● THE INPUT:
────
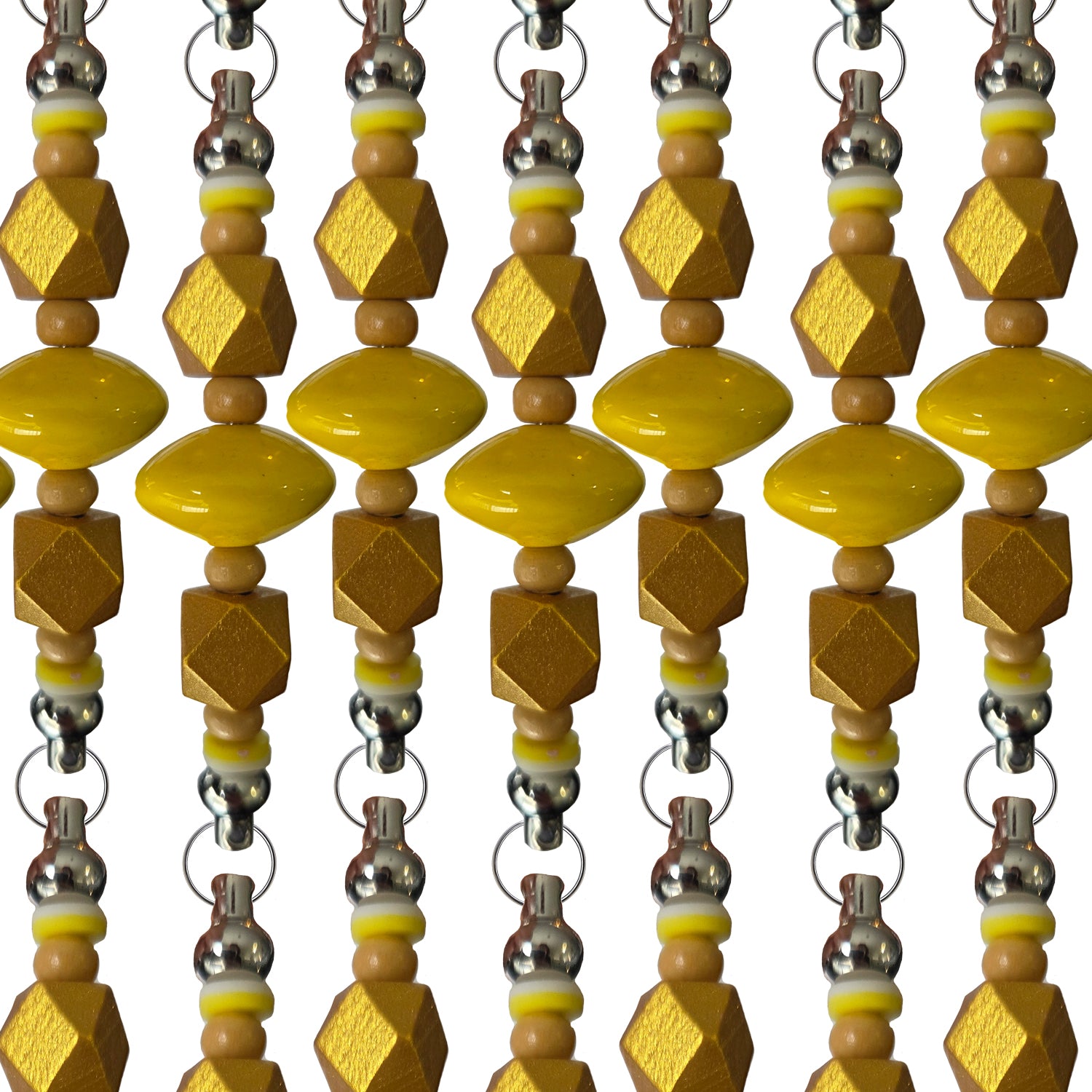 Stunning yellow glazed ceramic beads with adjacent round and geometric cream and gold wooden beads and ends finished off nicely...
────
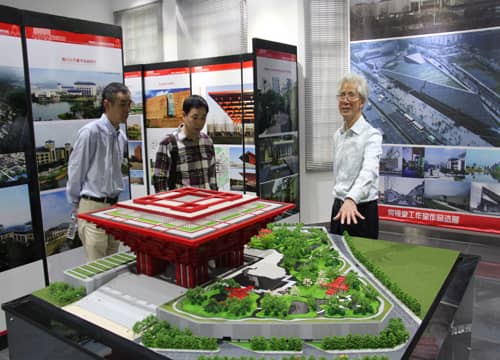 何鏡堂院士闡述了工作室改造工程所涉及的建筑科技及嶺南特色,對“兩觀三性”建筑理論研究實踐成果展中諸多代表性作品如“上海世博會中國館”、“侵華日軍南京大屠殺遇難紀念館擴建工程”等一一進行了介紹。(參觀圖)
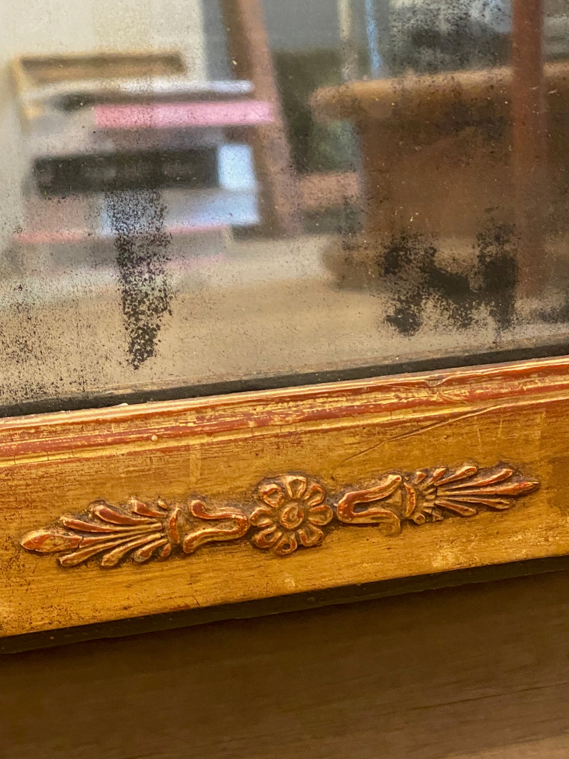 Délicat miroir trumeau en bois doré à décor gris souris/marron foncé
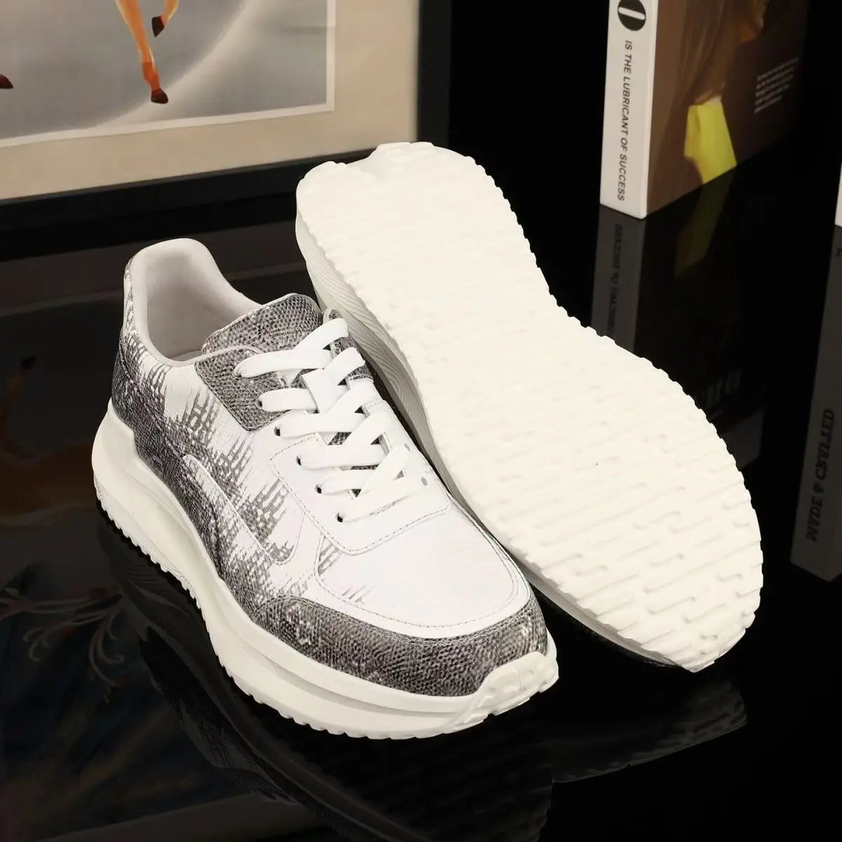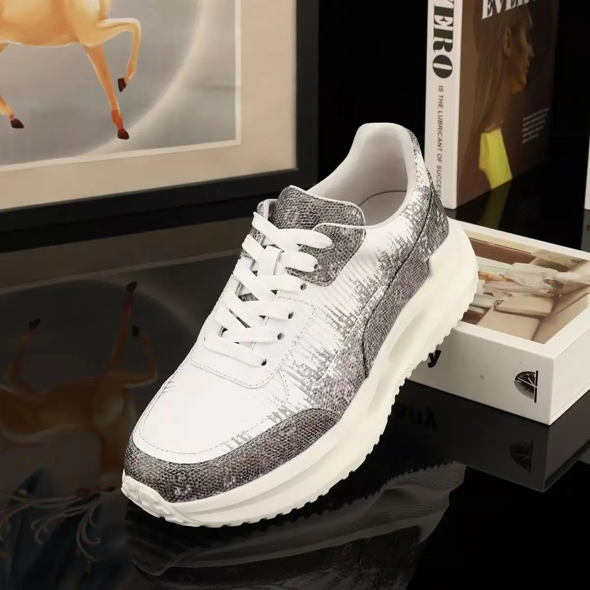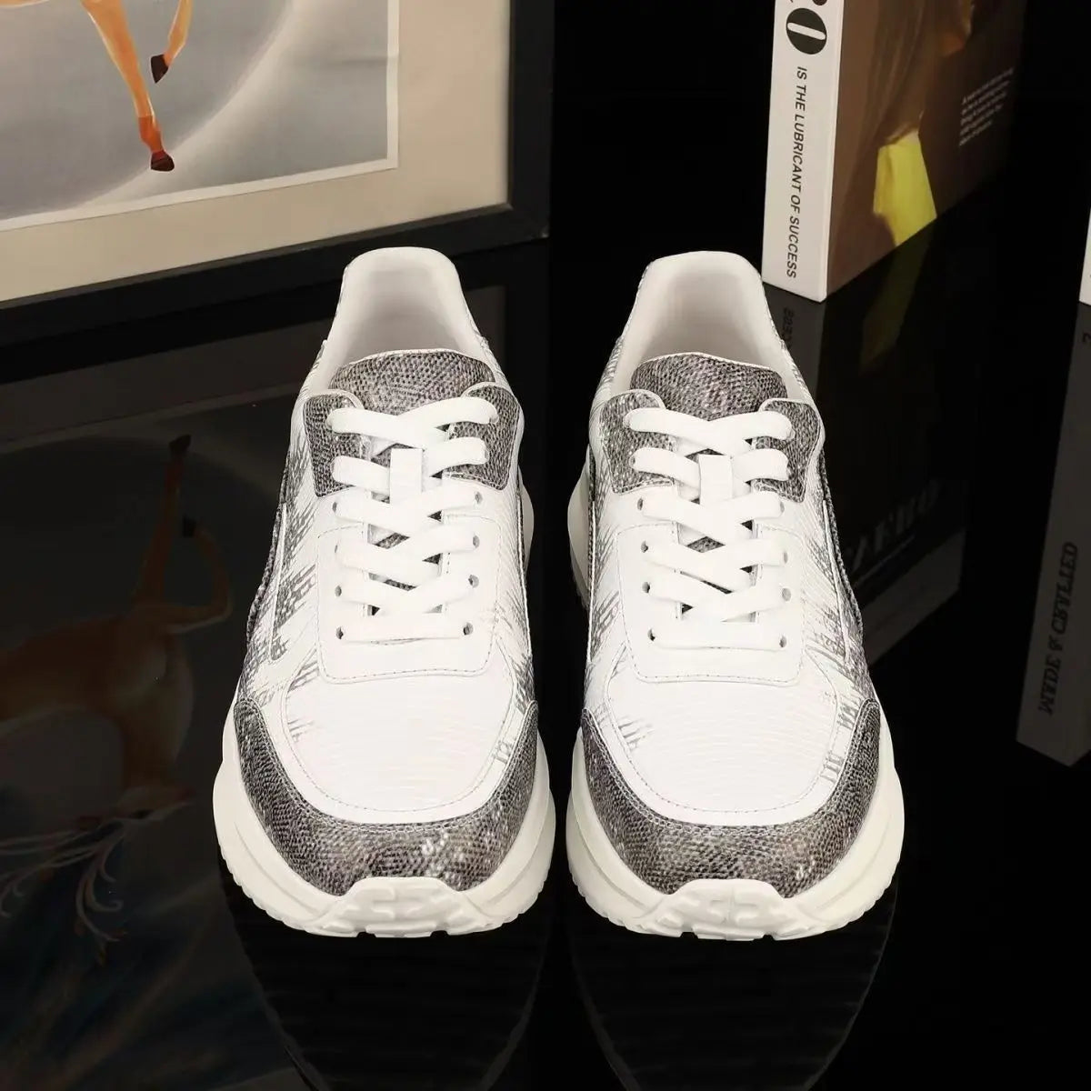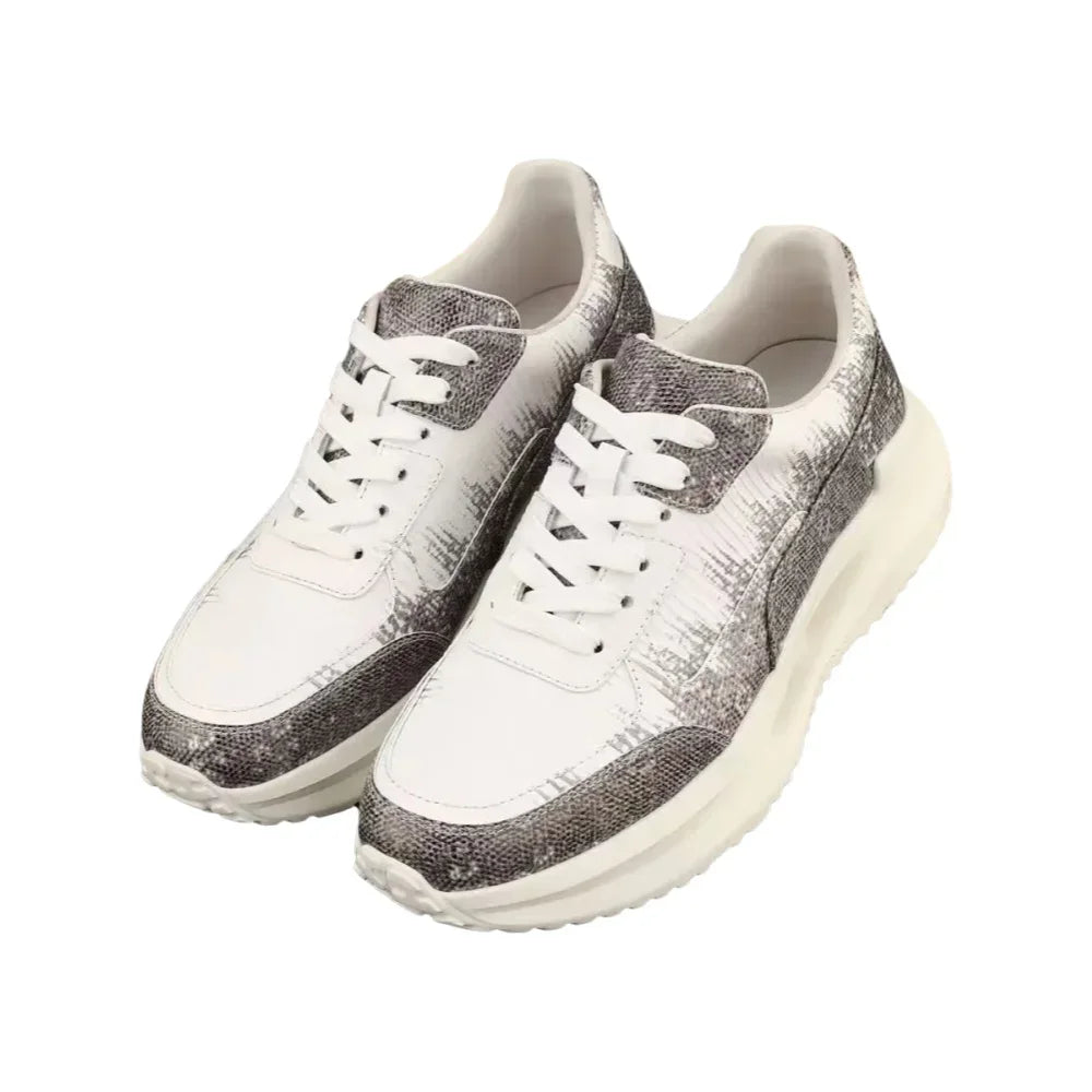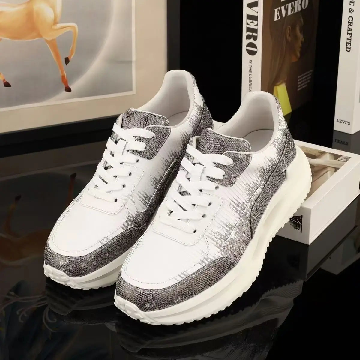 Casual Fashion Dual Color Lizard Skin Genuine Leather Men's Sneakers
────
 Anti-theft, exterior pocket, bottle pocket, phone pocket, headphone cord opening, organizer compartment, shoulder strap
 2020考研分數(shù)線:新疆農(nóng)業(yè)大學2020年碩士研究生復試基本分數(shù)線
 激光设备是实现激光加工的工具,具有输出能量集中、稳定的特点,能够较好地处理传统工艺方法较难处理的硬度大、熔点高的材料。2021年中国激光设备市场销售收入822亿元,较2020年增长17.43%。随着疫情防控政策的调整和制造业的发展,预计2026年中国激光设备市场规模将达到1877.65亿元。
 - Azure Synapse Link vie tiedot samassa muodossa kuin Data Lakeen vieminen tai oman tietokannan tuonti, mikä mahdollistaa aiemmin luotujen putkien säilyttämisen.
────
● EXERCISE OBJECTIVE: For the material above, give again only the lines starting at the line that contains "Délicat miroir trumeau" and ending at the line that contains "Casual Fashion Dual". Pictures do not belong in the copy.

● WRITTEN REPLY:
 Délicat miroir trumeau en bois doré à décor gris souris/marron foncé
 Casual Fashion Dual Color Lizard Skin Genuine Leather Men's Sneakers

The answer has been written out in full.